To Be the Best Sex and Relationship Coach You Need…

Systematic Methodology

Many sex coaches or relationship coaches don’t have any formal training or certification. Often they have prepared themselves for their practice by attending some classes and have also learned by working in the field for a while and many of them are doing some wonderful work.

If you are a coach who wants to help your clients experience transformation the most efficiently and effectively, you need a grounded methodology and systematic approach. There are so many different approaches that claim they have the path to sexual fulfillment and emotional growth, yet very few are based on a sociological and developmental understanding of how we are shaped and what makes us tick. Having a well-informed methodology and well-organized approach is essential to helping people transform their lives for the better.

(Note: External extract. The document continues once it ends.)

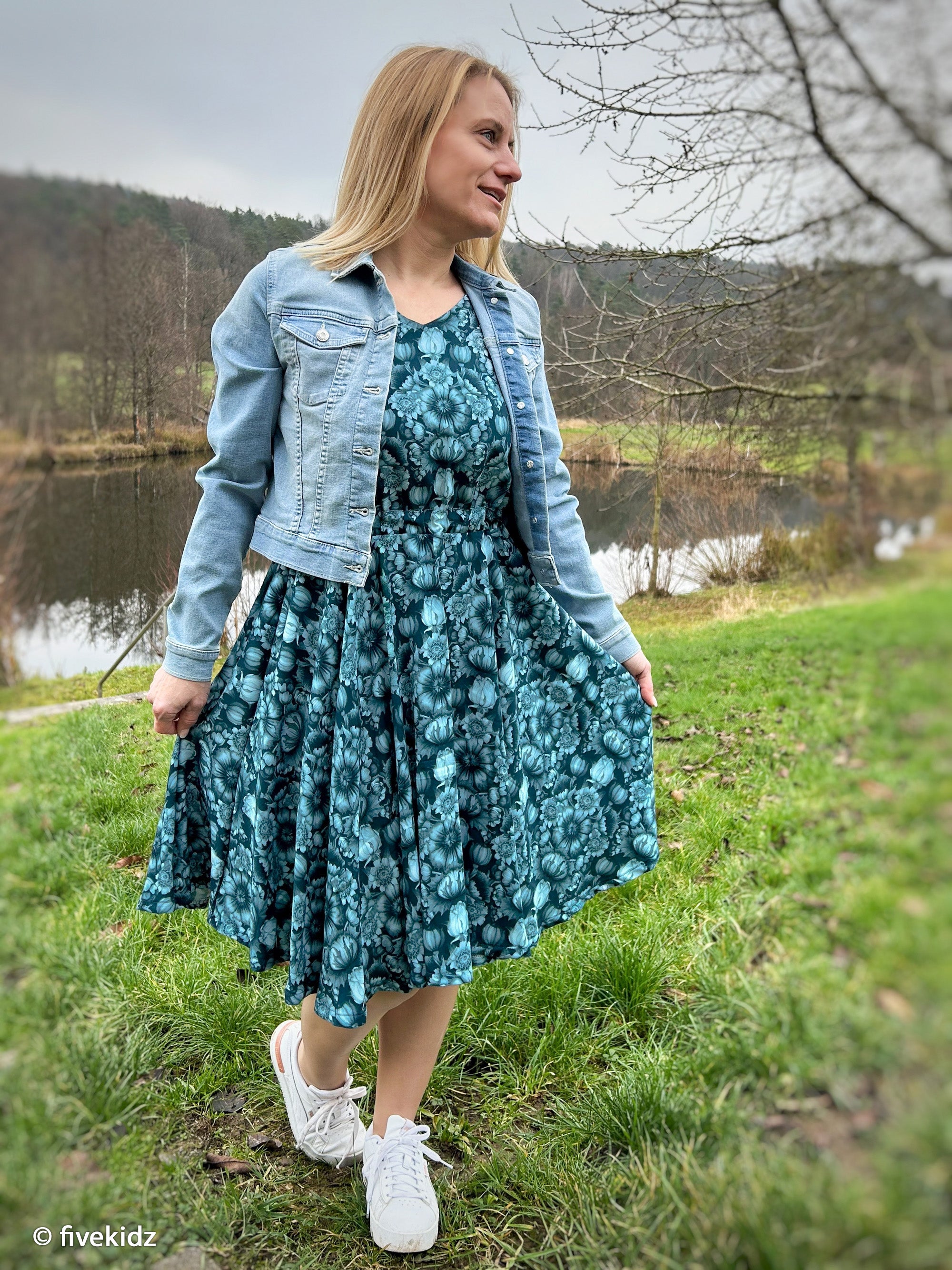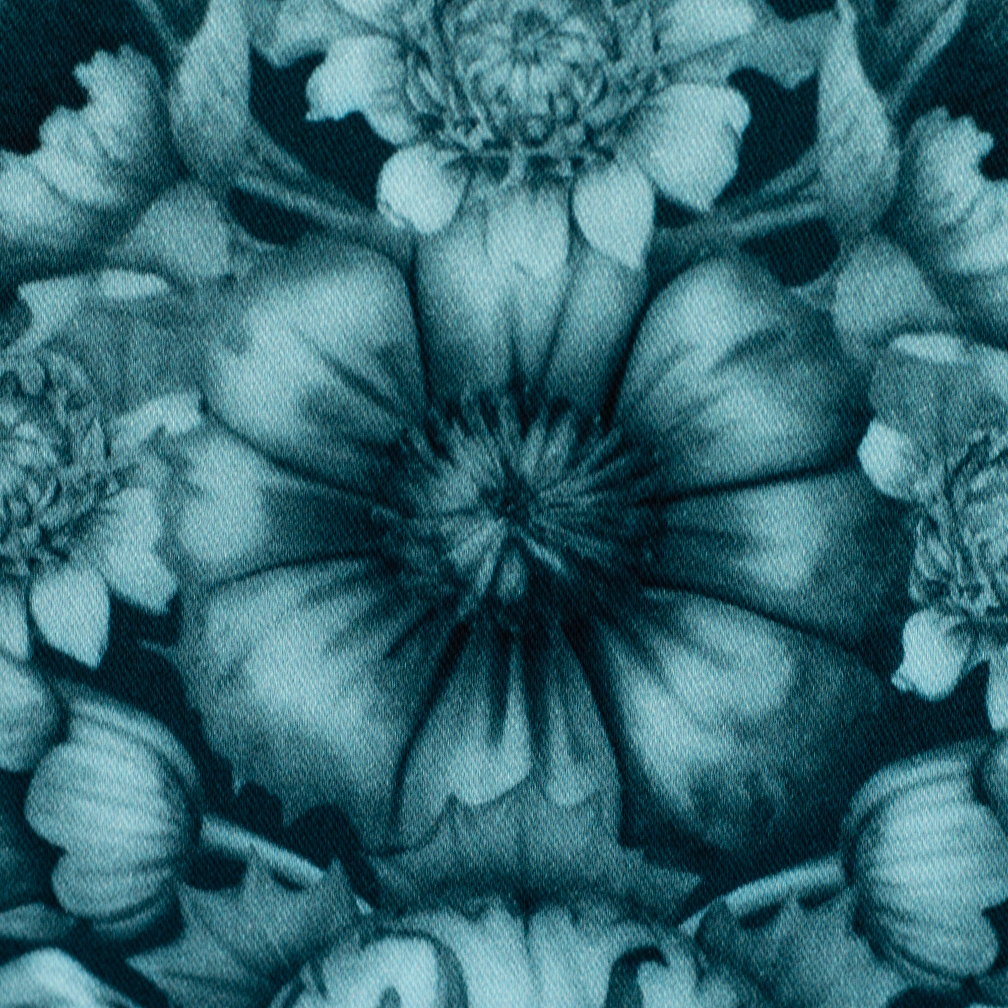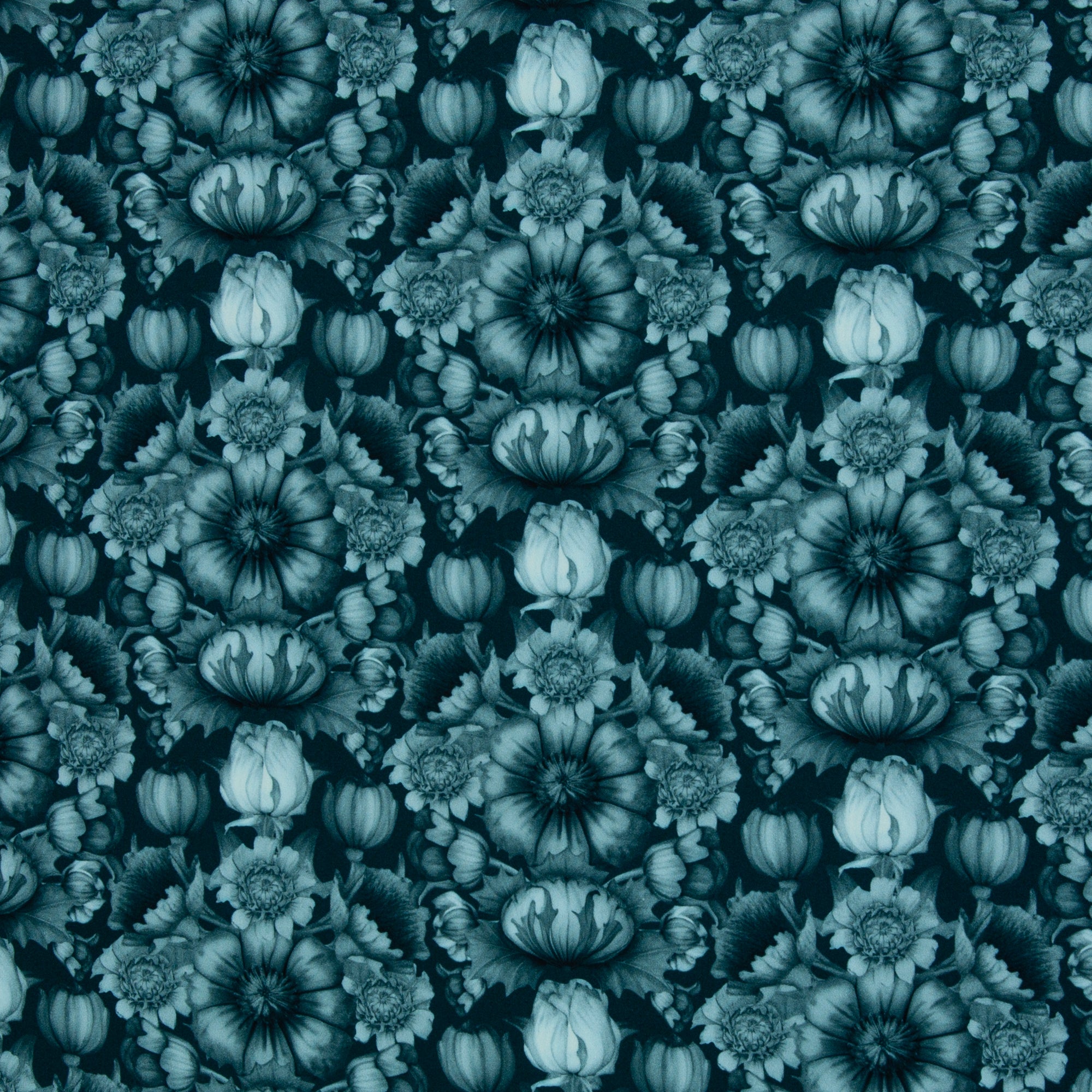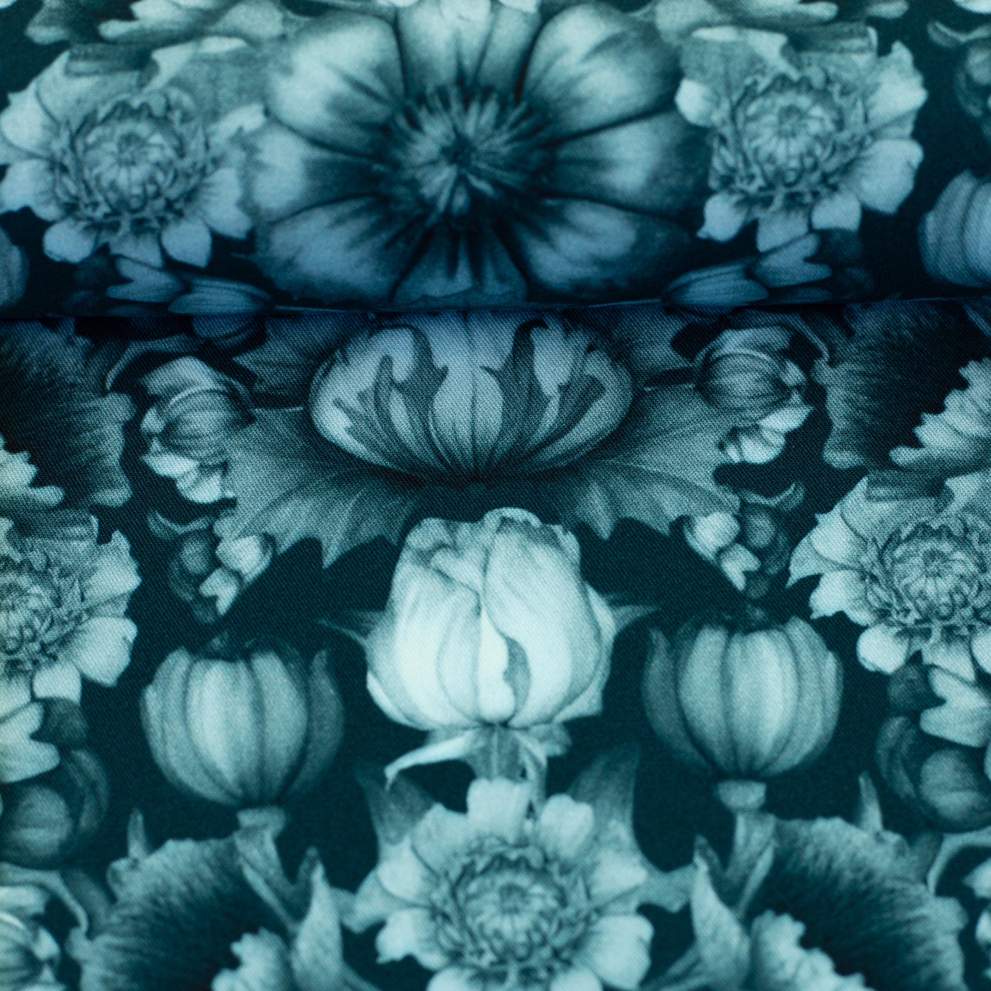 Die ornamentalen, viktorianischen Blumendesigns kommen auf der Viskosewebware so schön zur Geltung. Hier sind die Victorian Flowers getinted / eingefärbt und erstrahlen Ton in Ton in Bordeaux-Altrosa, Jeansblau-Petrol und Smaragd/Petrol.

What is a Grounded Methodology?

For a methodology to be systematic and effective, it should be informed by research and take a well-rounded perspective. There are four methodological approaches you need to be able to understand and apply to be the best sex and relationship coach you can be and Somatica’s method is grounded in these four approaches.

A Development Approach
First, you must understand how a person’s developmental history shapes their current belief systems and approaches to intimacy. While most psychologically-minded people already realize that we are shaped by our childhood and personal history (as well as our biology and chemistry), understanding the ways people are shaped and how their experiences and their protective responses to those experiences show up in their present day habits can be less obvious.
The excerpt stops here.